Swiss banks plan tax requirement for foreign clients
Switzerland's secretive banks are considering landmark plans to require that their foreign clients conform to personal taxation requirements abroad according to leading banker Patrick Odier.
Geneva--Odier, head of the Swiss bankers' association and a senior partner at private bank Lombard Odier, told the newspaper NZZ am Sonntag that the industry was studying such a step alongside more extensive taxation on foreign savers in Switzerland.
"I also want to go a step further," Odier was quoted as saying.
"We, the banks, must introduce a new business model where tax honesty is the goal when new money is taken in," he said, adding that such an approach must "clearly" be the focus of future business activities.
"We're still working on the details. It could, for example, take the form of a personal declaration: the client would confirm with his signature that his money is properly taxed."
"We want to work out a really credible solution," he added.
However, Odier said such a step could only apply to countries that enter into a bilateral agreement with the Swiss.
Swiss banks have been at the heart of a renewed international pressure in recent years over tax evasion, including bruising multi-billion dollar litigation against the country's biggest bank UBS in the United States.
Neighbouring European countries and the G20 group of leading economies have claimed that Switzerland's banking secrecy law encourages foreign clients to hide their revenue from domestic tax authorities in Swiss bank accounts.
The NZZ am Sonntag said that Odier's comments marked a "new tone" and signalled a "radical change in course" in the Swiss banking industry's approach to foreign clients.
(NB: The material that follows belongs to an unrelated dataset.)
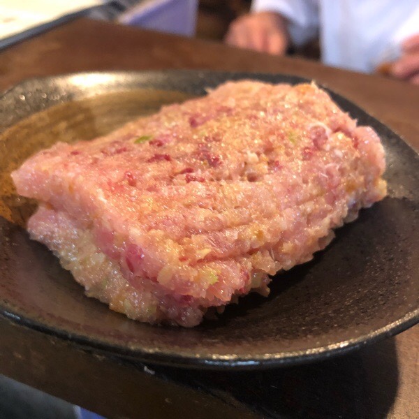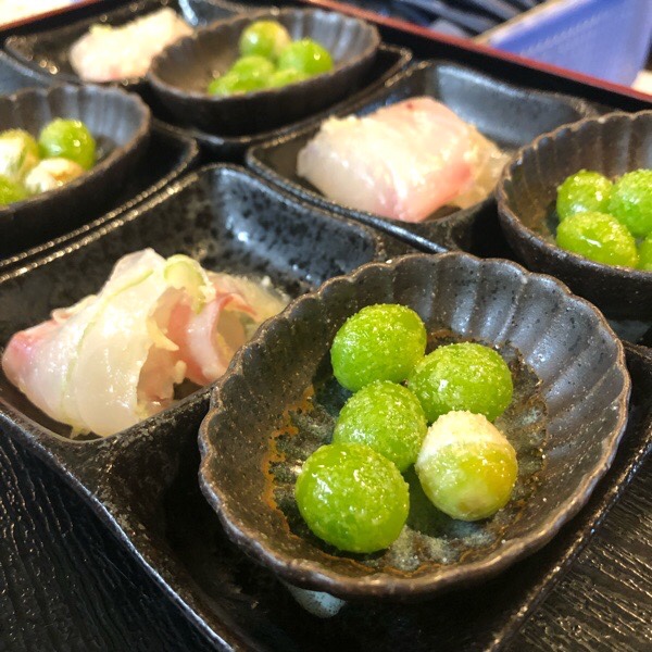 真鯛の塩ユッケと揚げ銀杏の お通し。
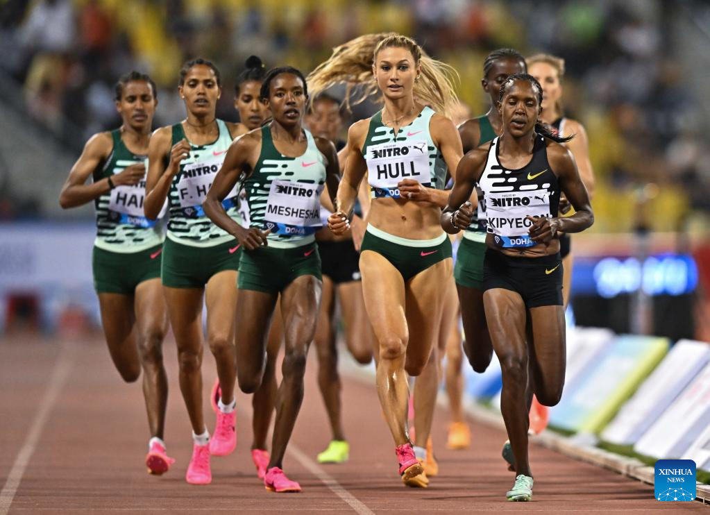 Faith Kipyegon (1st R) of Kenya competes during the women's 1500m race at the 2023 Diamond League athletics meeting at Suhaim bin Hamad Stadium in Doha, capital of Qatar, May 5, 2023. (Photo by Nikku/Xinhua)

Traditionally, some Swiss banks have been prone to turn a blind eye on a foreign client's tax affairs, while local legal firms were more likely to offer "tax optimisation" services for wealthy clients.
In recent years, Switzerland has levied a withholding tax on interest earned by EU residents with Swiss savings accounts, under an agreement to pay part of the revenues back to the European Union.
However, loopholes in the agreement have been criticised, while the deal only applies to savings accounts, not other investments.